Lurgi AG, a subsidiary of the GEA Group, has won five new contracts worth approximately €70 million (US$82 million) to build biodiesel plants in Germany.
In addition, the plant engineering contractor has signed a contract worth €100 million (US$118 million) to build the Panda Energy ethanol plant in Hereford, TX. (Earlier post.)
Since July of this year, Lurgi has won eight new contracts to build biodiesel plants worth a total of roughly €140 million (US$165 million) and with an annual output of just under a million tons of biodiesel.
As one of the world’s market and technology leaders, Lurgi is benefiting particularly strongly from the booming demand for biofuels.
Once these new plants have been completed, between 60 and 70 percent of global output of biodiesel will be produced using Lurgi technology. In Germany this proportion will be between 70 and 80 percent.
Our focus on profitable proprietary technologies in fast-growing markets is being reflected in the increasingly impressive performance of our business—Klaus Moll, CEO of Lurgi AG
The third quarter of 2005 saw Lurgi report a profit for the first time since the strategic reorganization that was completed earlier this year. The company is concentrating on building plants used to produce biofuels from renewable resources and on plants used in the manufacture of petrochemical products such as methanol, plastics and synthetic fuels based on natural gas.

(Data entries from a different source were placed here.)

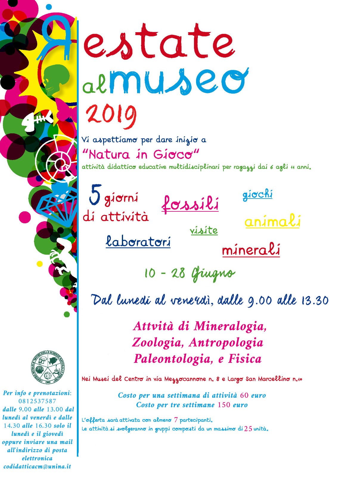 - Durata visita mostra + laboratori: Dai 90 minuti per i più piccoli alle due ore per i più grandi.
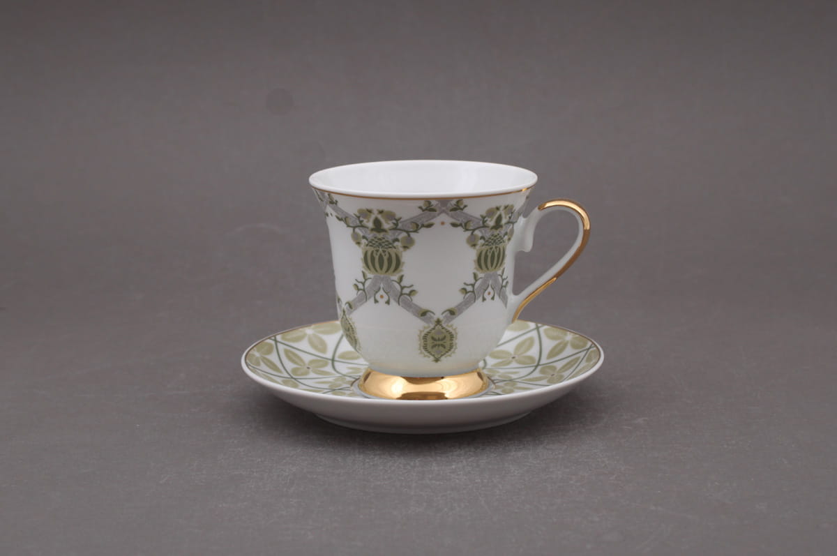 Pojedyncza filiżanka do kawy ze spodkiem z Fabryki Porcelany w Ćmielowie. Z delikatnie, zieloną dekoracją.
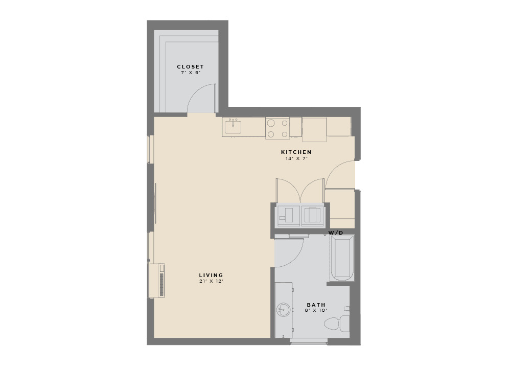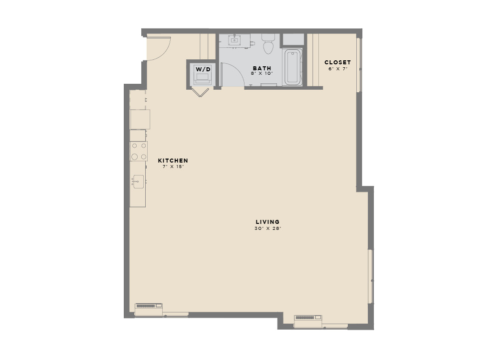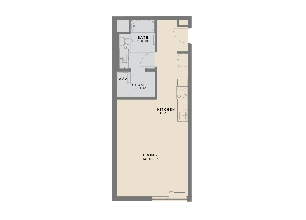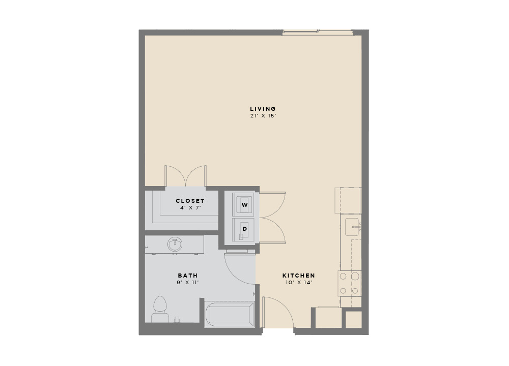The Zurich floor plan will surely be your oasis as it is, in fact, the penthouse of studio apartments! Over 1,000 square feet of living space and a large walk-in closet!
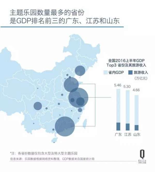 2015年,中国人均GDP超过8000美元,大型城市如上海的人均GDP已达1.5万美元。以地区经济为指向的主题乐园集中围绕着中国的几大经济圈分布:珠三角、长三角、京津冀以及环渤海区都是大型及特大型主题乐园最密集的区域。其中,地区生产总值位列前三的广东、江苏和山东省,也恰好拥有最多乐园。
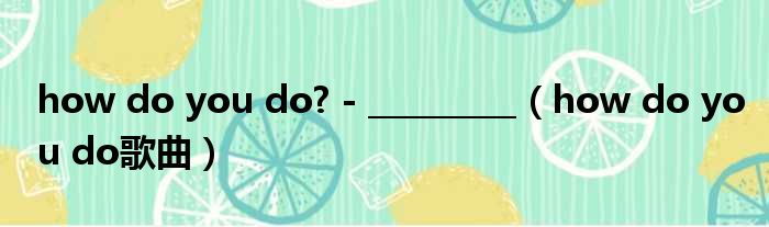 导读 大家好,小东方来为大家解答以上的问题。how do you do? - _________,how do you do歌曲这个很多人还不知道,现在让我们一起来看看
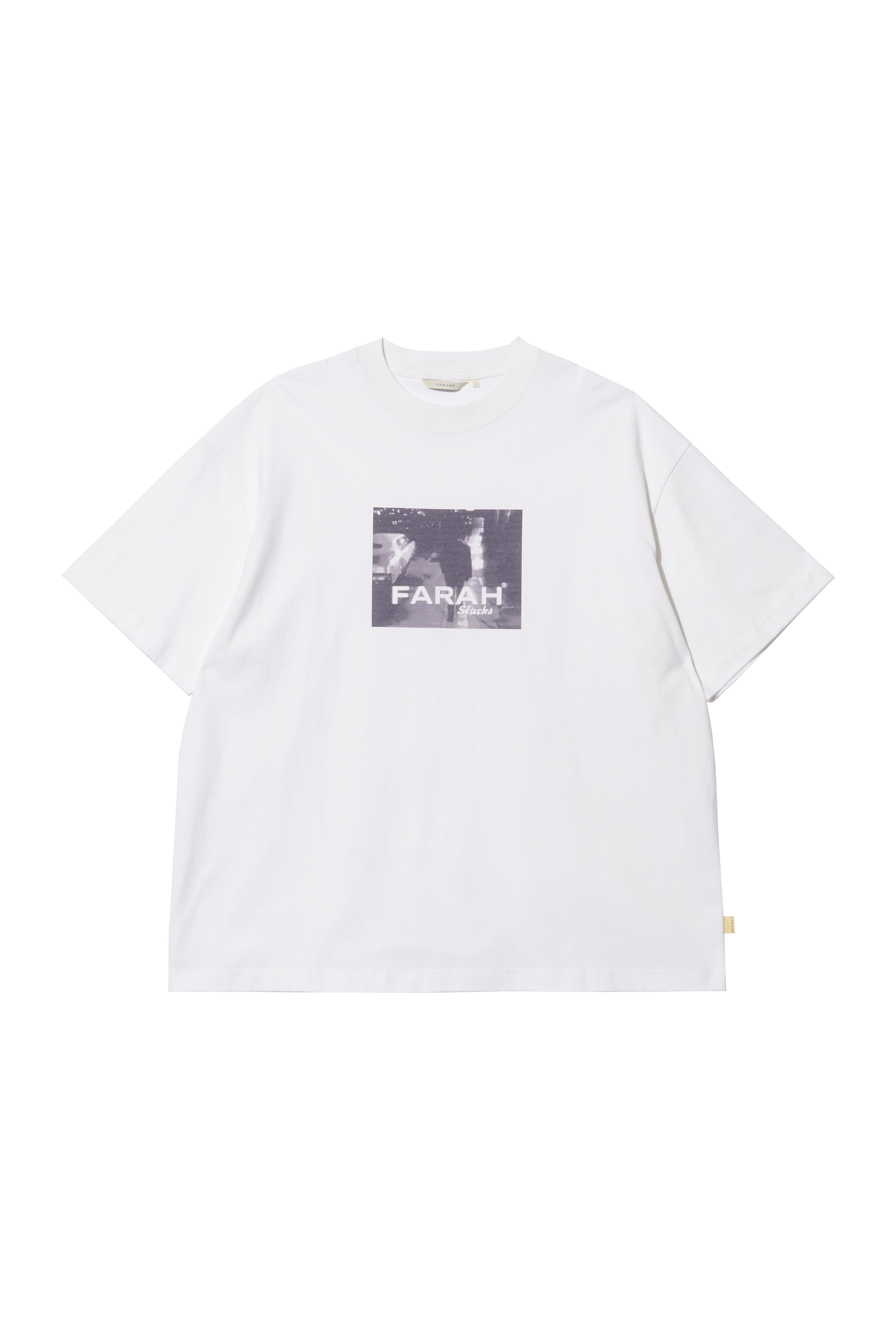 ・採用帶有城市氛圍的黑白攝影印花,搭配品牌字樣「FARAH Slacks」
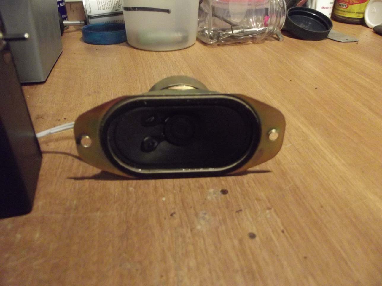 Easy to build just the LM386 which I had here a few resistors & caps ,See the speaker I used 1 of 2 from a wrecked little TELE..8 ohms..

To meet EU targets of 5.75% biofuels by 2010, EU-wide demand for fuels made from renewable resources will almost treble from less than five million tons at present to just under 14 million tons per year.
Approximately 40 new biodiesel plants producing an average of 100,000 tons per year each and 60 new bioethanol plants with an average annual output of roughly 100,000 tons each will have to be built in Europe alone by 2010. This would equate to an investment of around €3 billion (US$3.5 billion).